Q2. What are the digital analytics trends in 2019, and why do they matter?
As data grows in value, enterprises are scrutinizing their data systems more closely. In particular, they’re trying to improve data quality across the board in order to better leverage AI and machine learning (ML) technologies.
Enterprises continue to possess an insatiable appetite for data analytics, and that includes carrying out analytics on operational data, which is often referred to as hybrid workloads. Couchbase’s Analytics Service targets hybrid workloads to help enterprises react quickly to incoming operational data.
The reason this matters so much is because data quality and availability can vary wildly within an organization, and it can take a lot of time to determine what data is clean, up to date, and trustworthy.
Q3. Where exactly does Couchbase Analytics fit in?
Let me start with – Couchbase Analytics is not a data lake!
A typical enterprise might have a data warehouse, a data lake, and hybrid database.
The data warehouse is designed to handle massive amounts of data, but with a predefined schema. As a result, any process writing to the data warehouse needs to understand the schema to be able to write to it.
The data lake, which is now being called the kitchen sink of enterprise data, relaxes the need for the upfront definition of a schema. As a result, any process can write to the lake without any rigid schema requirements. However, data lakes do require a schema on read, which means that any consumer of data stored in the lake would need to define a schema.
For operational data being generated by applications, a hybrid database provides the ability to analyze data as it comes in with a heavy transactional workload, but without impacting the transaction throughput or latency.
Couchbase Analytics is a hybrid NoSQL database that enables rapid time to insight for operational data.
Q4. MPP is not new and has existed in the relational world for many years – what is new in Couchbase Analytics?

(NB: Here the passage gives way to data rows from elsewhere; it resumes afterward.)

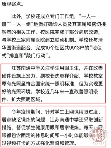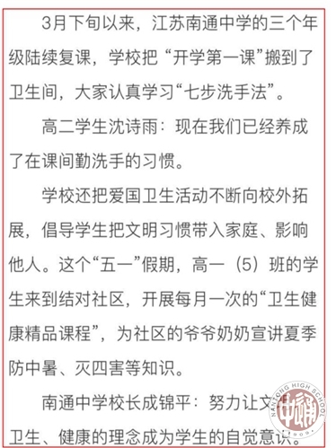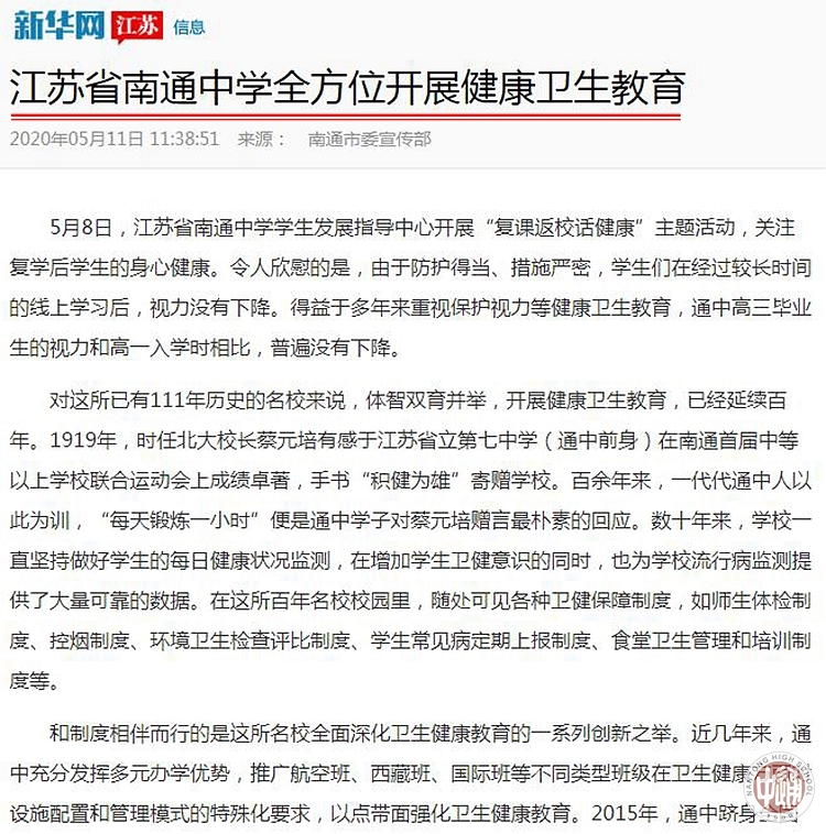 5月11日,新华网江苏频道刊发了中共南通市委宣传部组织撰写的专题文章《江苏省南通中学全方位开展健康卫生教育 》,全面系统介绍了我校深化卫生健康教育的一系列创新之举,尤其是重点介绍了我校充分发挥多元办学优势,推广航空班、西藏班、国际班等不同类型班级在卫生健康方面对设施配置和管理模式的特殊化要求,以点带面强化卫生健康教育。
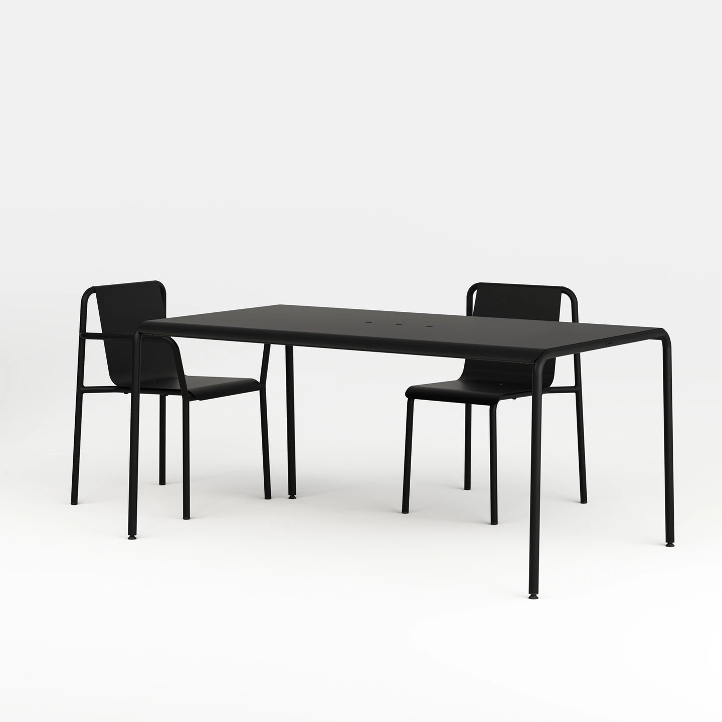 Deze stoel is geïnspireerd op de beroemde Beugel Chair van Gerrit Rietvield en gemaakt van gevouwen plaatstaal, het iconische materiaal van Tiptoe, en heeft een elegante ronding die doet denken aan een vloeiende drapering en een luchtig silhouet. De geperforeerde zitting zorgt voor een grafietaccent en vergemakkelijkt de waterafvoer.
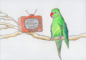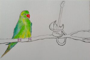 As I walk around the green spaces of southwest London, my attention is often seized by a high-pitched shrieking in and around the trees. When I look up, I’m likely to see a flash of bright green: part of the plumage of an exotic bird. Sometimes there are flocks of them, zipping around, appearing to have a lot of fun and making a distinctive racket. These are ring-necked parakeets, which were once seen mainly in Africa and Asia, but have since multiplied and thrived in London and elsewhere in the UK and Europe. I find them strange and beautiful, and I enjoy drawing them. These birds have inspired poets, painters and photographers, and there are even female football clubs named after them, including Twickenham Parakeets FC, for aspiring young girl players.

Massively parallel processing has existed in the database world for over 30 years. There are many implementations of MPP in the relational world – Teradata, HP Vertica, Amazon Redshift, and Microsoft PDW are great examples. But these products work on flat relational data with predefined schemas. As application architectures have evolved, JSON has become the lingua franca for data modelling. NoSQL databases like Couchbase allow you to store and query JSON documents, which are much more natural for many applications. With traditional data warehouse technology, the schemaless and nested JSON data must then be converted into a flat relational schema. Couchbase Analytics allows for the analysis of JSON data in its natural form without any transformation. (We call this NoETL for NoSQL.) The Couchbase Analytics engine is a full-fledged parallel query processor that supports parallel joins, aggregations, and sorting. It’s based on best of breed algorithms from 30+ years of relational MPP R&D, but it’s for JSON data.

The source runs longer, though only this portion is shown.